University of Calgary professor Bart Beaty, the only person allowed access to Wertham's personal papers before they were unsealed in 2010, reveals that Wertham tried in 1959 to sell a follow-up to Seduction of the Innocent concerning the effects of television on children, to be titled The War on Children.

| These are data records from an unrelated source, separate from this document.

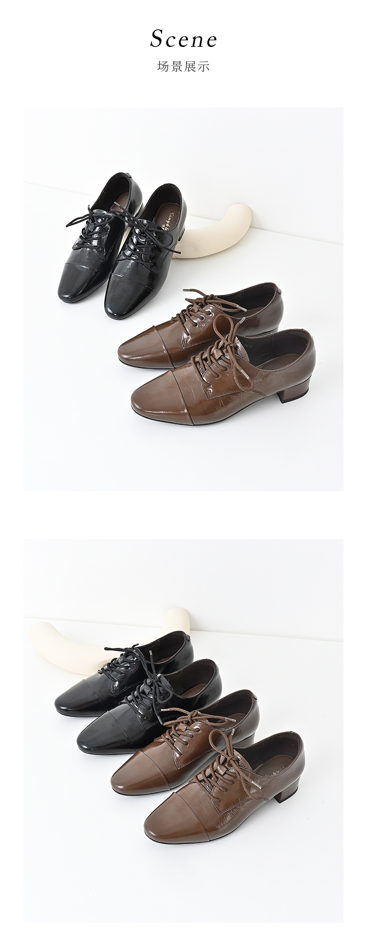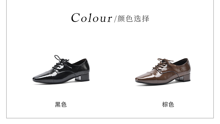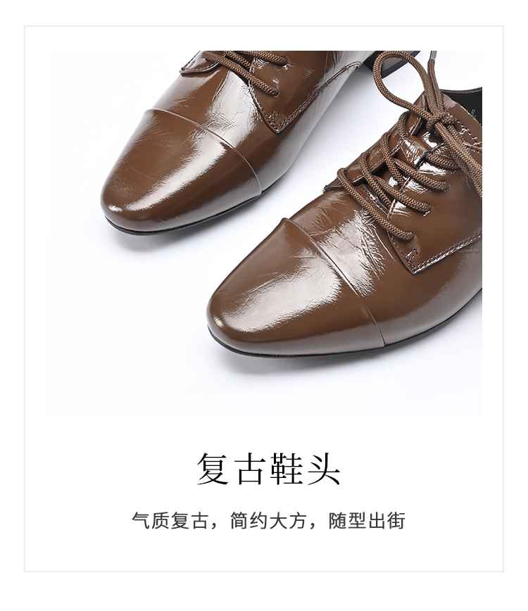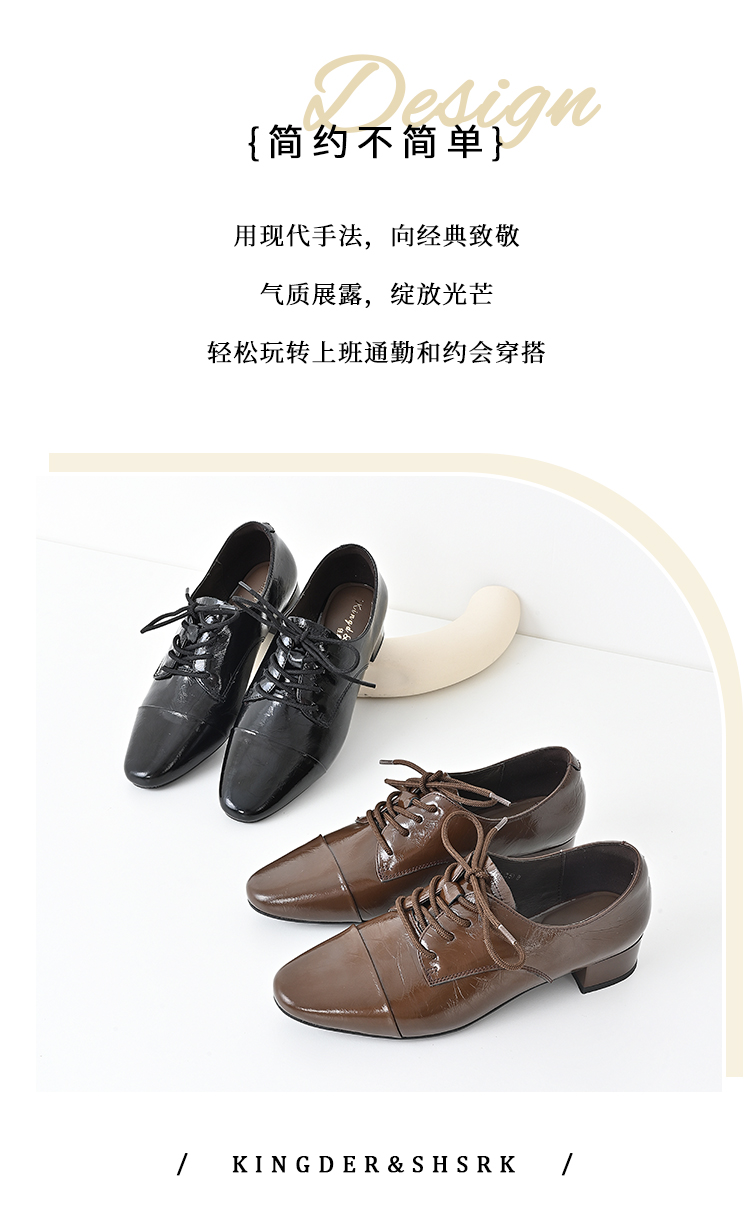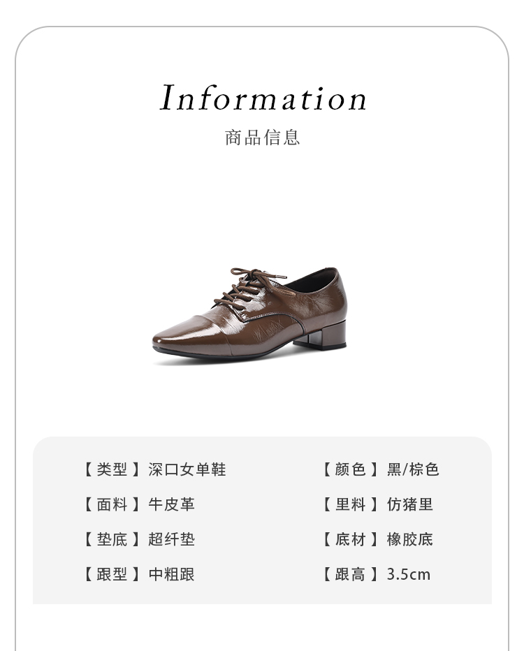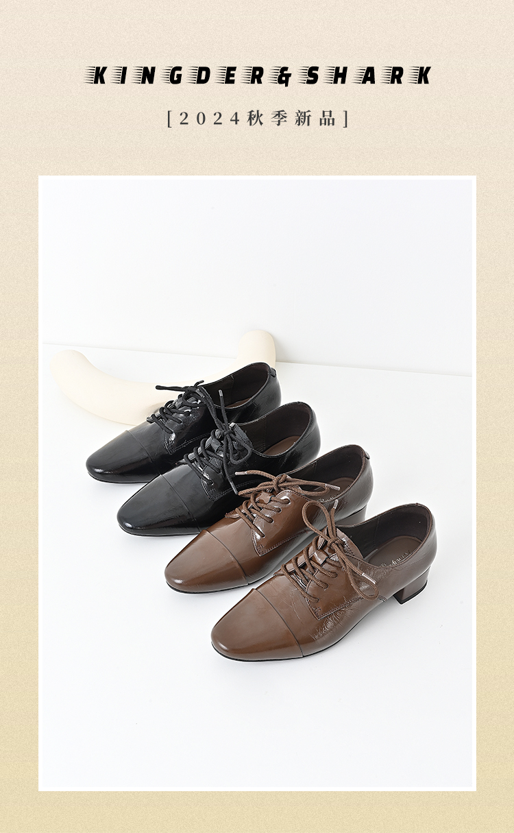 经典鲨2024年秋新款复古小尖头系带中粗跟简约单鞋小皮鞋女KW117-D37151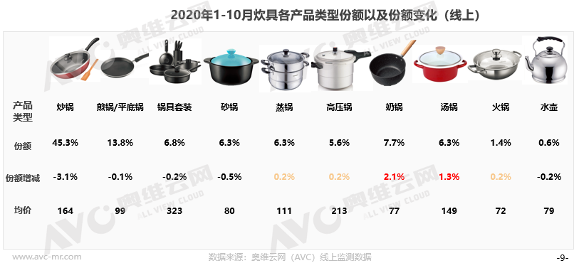 伴随着客厅经济向厨房经济转移,炊具行业迎来高速增长期,据奥维云网(AVC)线上监测数据显示,炊具2020年1-10月线上零售额为67.3亿元,同比增长48%,零售量5173万台,同比增长49%,均价为130元,同比下滑1%。探究背后原因,其一是消费升级大势所趋,消费者逐渐向高品质高性能产品倾斜,另一方面,厨房在日常生活中的角色逐渐由功能型向社交型转变,人们逐渐将目光转移到厨房中来,由此也带动炊具行业的上涨。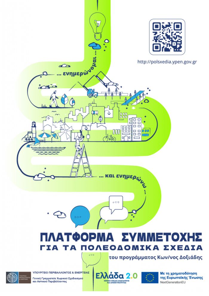Από Τρίτη, 16 Ιουλίου 2024 έχει ενεργοποιηθεί για το κοινό η ψηφιακή «Πλατφόρμα Συμμετοχής» για την κατάθεση σχολίων και απόψεων για τα Τοπικά και Ειδικά Πολεοδομικά Σχέδια (ΤΠΣ και ΕΠΣ) του Προγράμματος Πολεοδομικής Μεταρρύθμισης «Κωνσταντίνος Δοξιάδης» του Υπουργείου Περιβάλλοντος και Ενέργειας.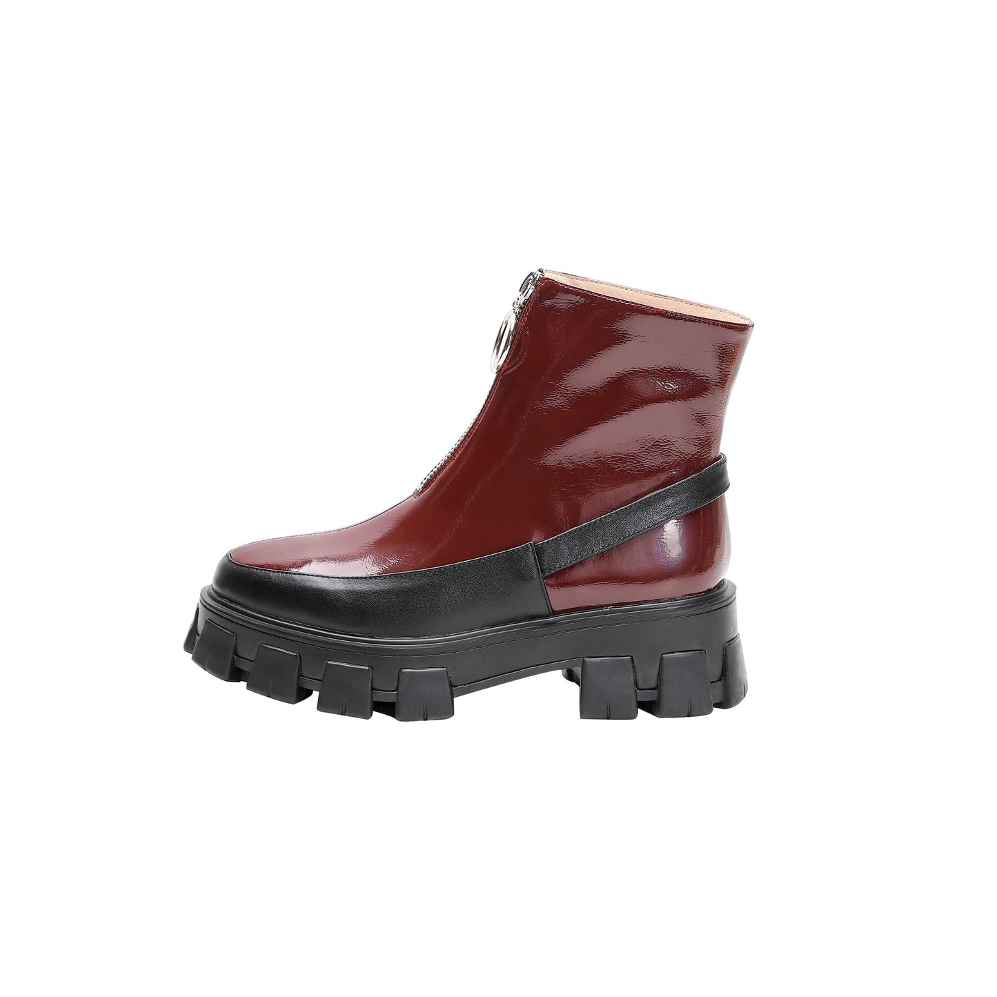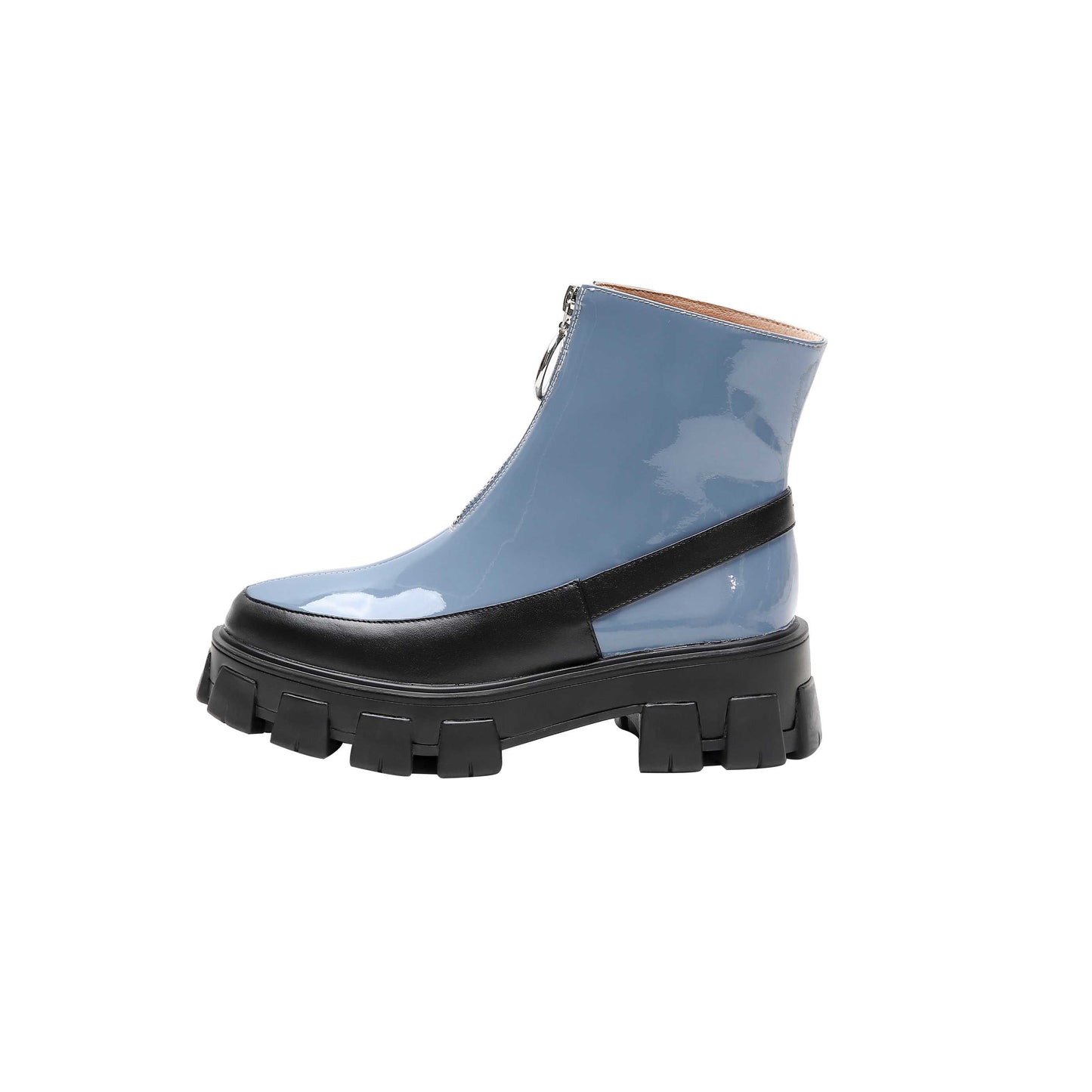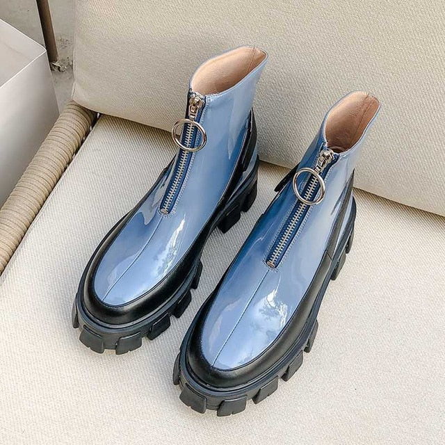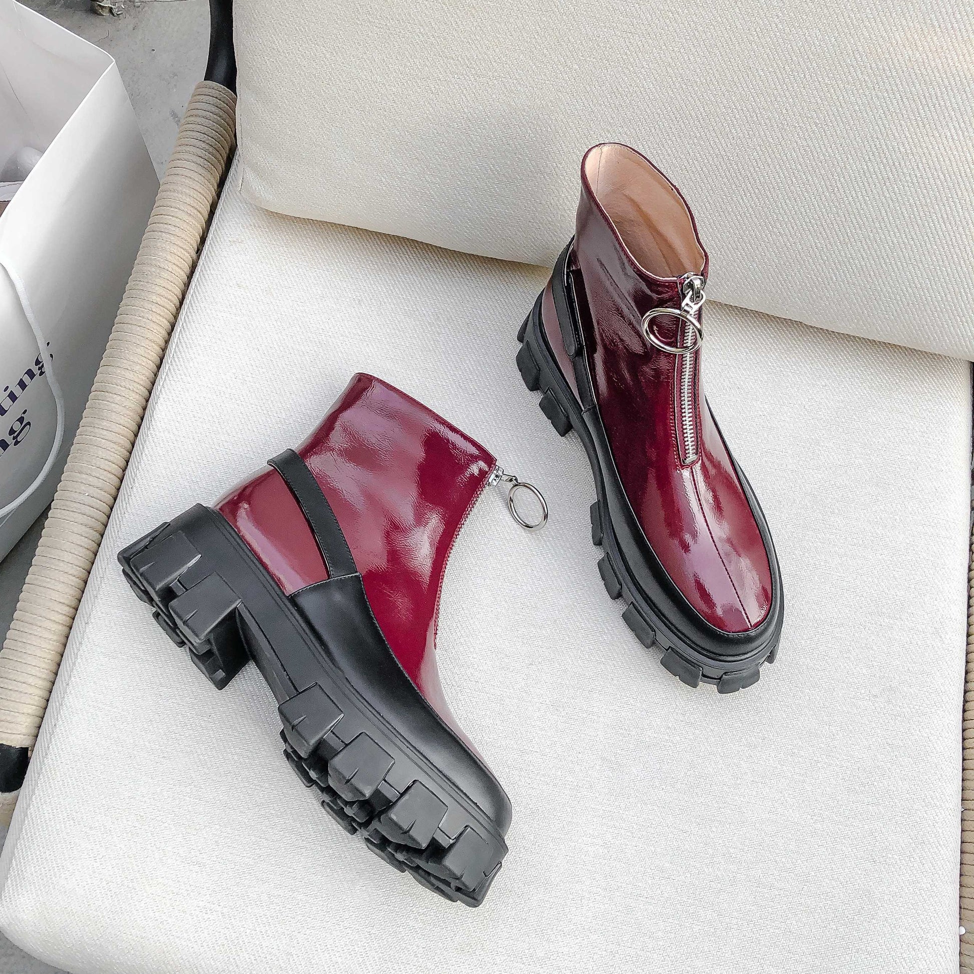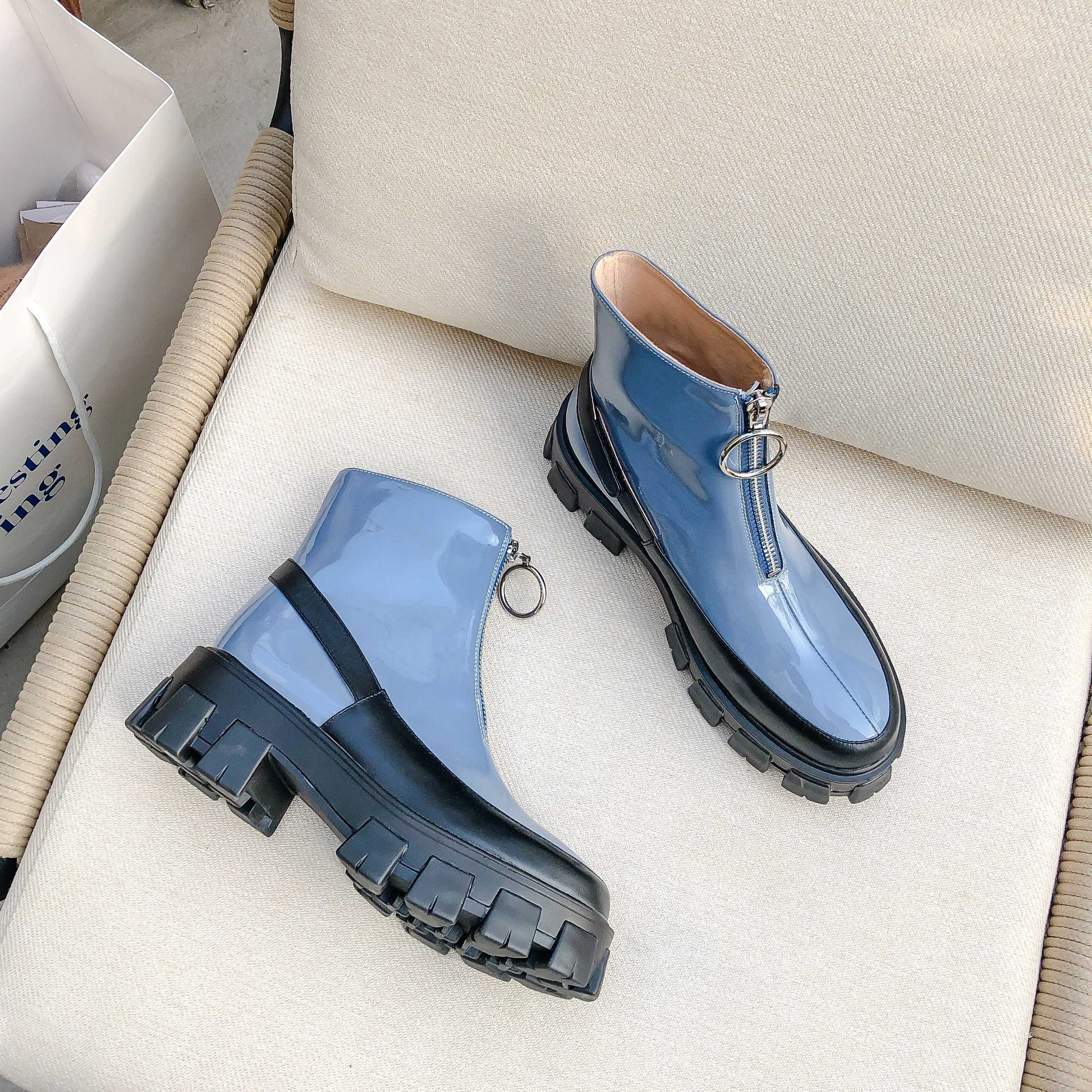 sweet fashion mixed colors thick bottom cow leather rock Zipper round toe waterproof winter women ankle boots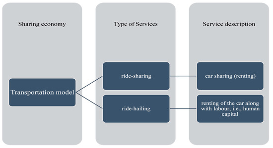 In the last ten years, two types of car sharing services in Europe (and the world) were developed. As shown in Figure 5, the transportation model is subdivided into so-called transportation by ride-hailing services, as is the case with Europe Uber and the US-based Lyft. Here, an object is rented together with labor, i.e., human capital, and implies, for example, the rental of a car or other vehicle with the person driving it [40]. In Europe, there is an outcry among taxi drivers because, in their opinion, Uber provides taxi services without a license [41].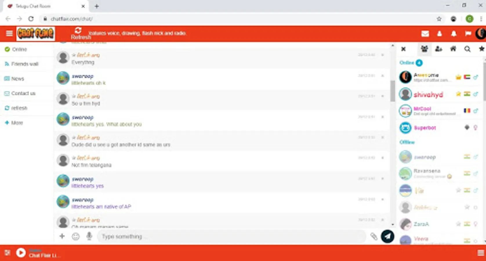 Free chat app without any registration. Easy to use and operate with lots of features and entertainment where you get many users from world wide. This chat room is made for all boys and girls who are above 18 age.
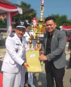 Penyerahan trophy dan piagam penghargaan diberikan langsung oleh Andrew Mandala, selaku anggota DPRD Kabupaten Subang, kepada Agus Setiawan, Kepala Desa Sukamandi.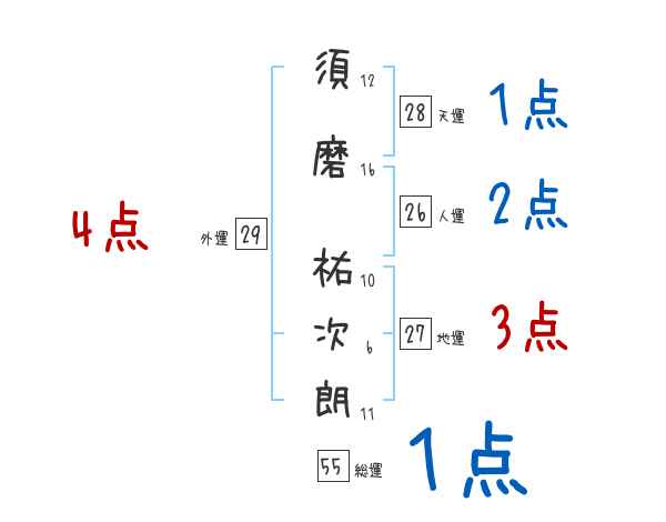 須磨祐次朗さんの画数の鑑定結果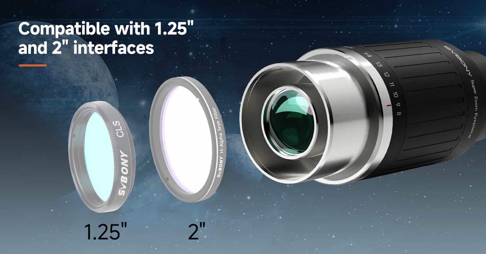 Equipped with 1.25" and 2" interfaces. It is suitable for multiple telescopes.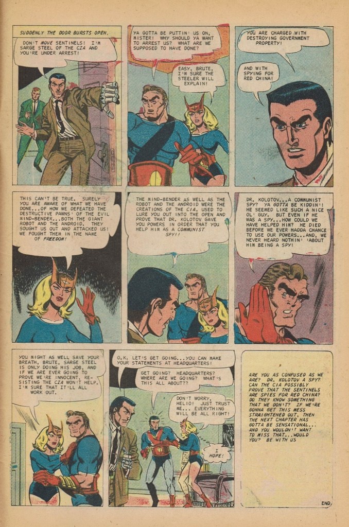 The back-up story was much more to my liking, and is a sentimental favorite even now. This was the Sentinels, Charlton’s attempt to mimic the Marvel style of storytelling. And for all its crudity, it was a pretty credible attempt. The Sentinels were a trio of young people each gifted with a high-tech device that granted them super-powers, so that they could stop the mysterious criminal mastermind Mind-Bender. The leader, Helio, could fly, Mentalia possessed the ability to read minds (and eventually developed some telekinesis when that proved too limiting) and the Brute was just plain ol’ strong. Oh, and they were also a band of folk singers as well, believe it or not. They were a smudged xerox copy of the Fantastic Four, and so I liked them even despite their derivativeness (or quite possibly because of it.) I wrote about the series a bit more extensively here.

Much to Wertham's frustration, no publishers were interested in publishing it.

Wertham always denied that he favored censorship or had anything against comic books in principle, and in the 1970s he focused his interest on the benign aspects of the comic fandom subculture; in his last book, The World of Fanzines (1974), he concluded that fanzines were "a constructive and healthy exercise of creative drives". This led to an invitation for Wertham to address the New York Comic Art Convention. Still infamous to most comics fans of the time, Wertham encountered suspicion and heckling at the convention, and stopped writing about comics thereafter.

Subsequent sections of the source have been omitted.